Instructions for the task >> Stop at the line containing "Historique du nombre": repeat exactly every line of the entries below from the first up to it, plus that line, with pictures omitted.

[Data provided — start]

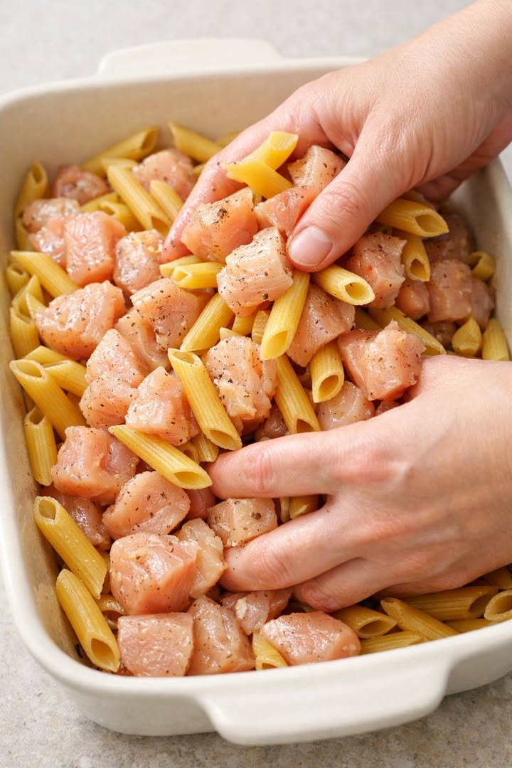 Voeg de in blokjes gesneden rauwe kipfilet en de rauwe droge penne pasta direct toe aan de aardewerken ovenschaal. Gebruik schone handen of een grote lepel om ze gelijkmatig te verdelen, zodat ze goed gemengd zijn.
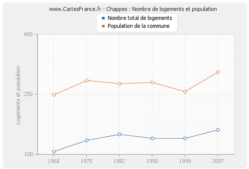 Historique du nombre de logements de Chappes de 1968 à 2007 :
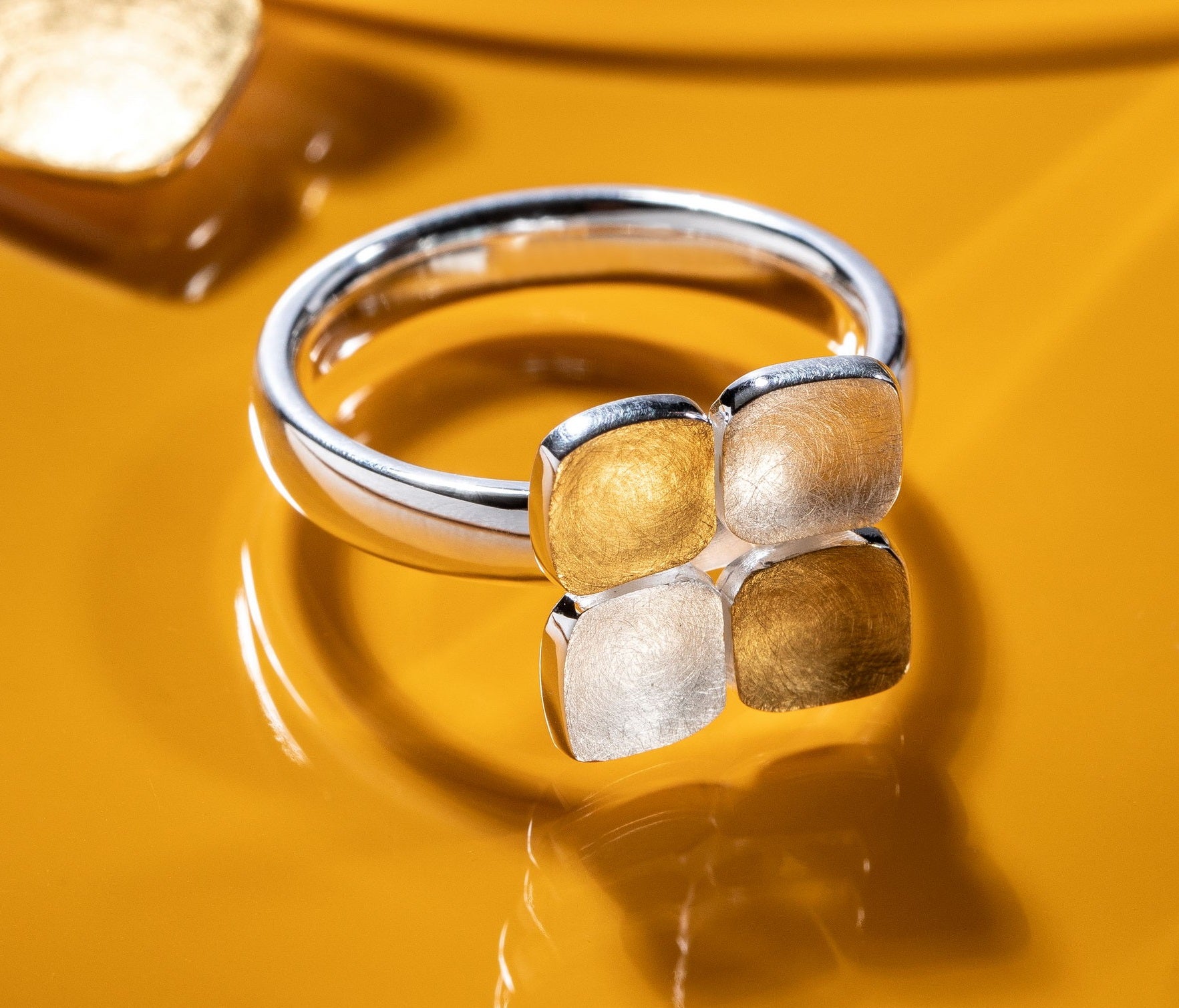 Tofarvet og konsekvent geometrisk inspireret. Denne ring, fremstillet af ridsematteret, delvist forgyldt 925 sterlingsølv med en poleret bånd, imponerer med sin klassiske form og varme forgyldning på to af de fire firkantede, diagonalt arrangerede dekorative elementer på ringhovedet. Kærligt designet af den Düsseldorf-baserede smykkedesigner Nadine Resch. Fås med matchende øreringe og et matchende vedhæng.
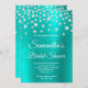 Sparkly Diamond Turquoise Satin Foil Bridal Shower Invitation
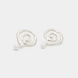 Boucles d'oreilles en spirale en argent et perles d'eau douce. Bijoux raffinés fabriqués à la main à Montréal, Canada.
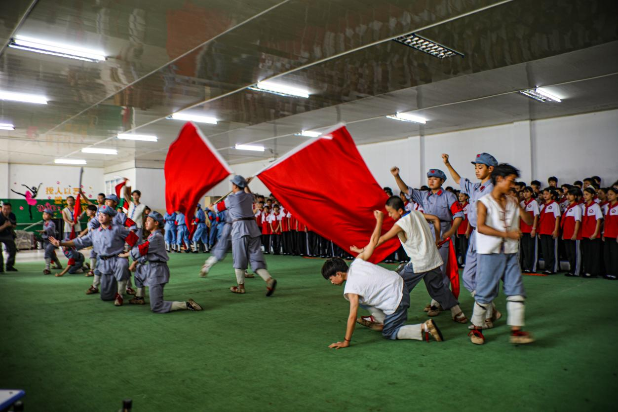 鏡頭轉向熱火朝天的“七一”節(jié)目排練現(xiàn)場?!都t燈記》中“鐵梅”的堅毅,《紅色娘子軍》的颯爽英姿,《焦裕祿》的深情感人……小演員們雖臉龐稚嫩,唱念做打卻已頗具風骨。排練廳回蕩著豫劇的鏗鏘韻律,攝影家們的鏡頭在光影流轉間,定格下傳統(tǒng)藝術在年輕一代身上煥發(fā)的勃勃生機。這些由孩子們傾情演繹的紅色經(jīng)典與優(yōu)秀傳統(tǒng)劇目,正是這所非遺傳習所教學成果的生動注腳——建校以來,五次晉京獻禮中南海,多次參加央視及省臺春晚,先后榮獲中國“小梅花”金獎56枚,河南省“小梅花”金獎83枚、銀獎31枚,累累碩果印證著薪火相傳的力量。

[Data provided — finish]

Answer space >>
 Voeg de in blokjes gesneden rauwe kipfilet en de rauwe droge penne pasta direct toe aan de aardewerken ovenschaal. Gebruik schone handen of een grote lepel om ze gelijkmatig te verdelen, zodat ze goed gemengd zijn.
 Historique du nombre de logements de Chappes de 1968 à 2007 :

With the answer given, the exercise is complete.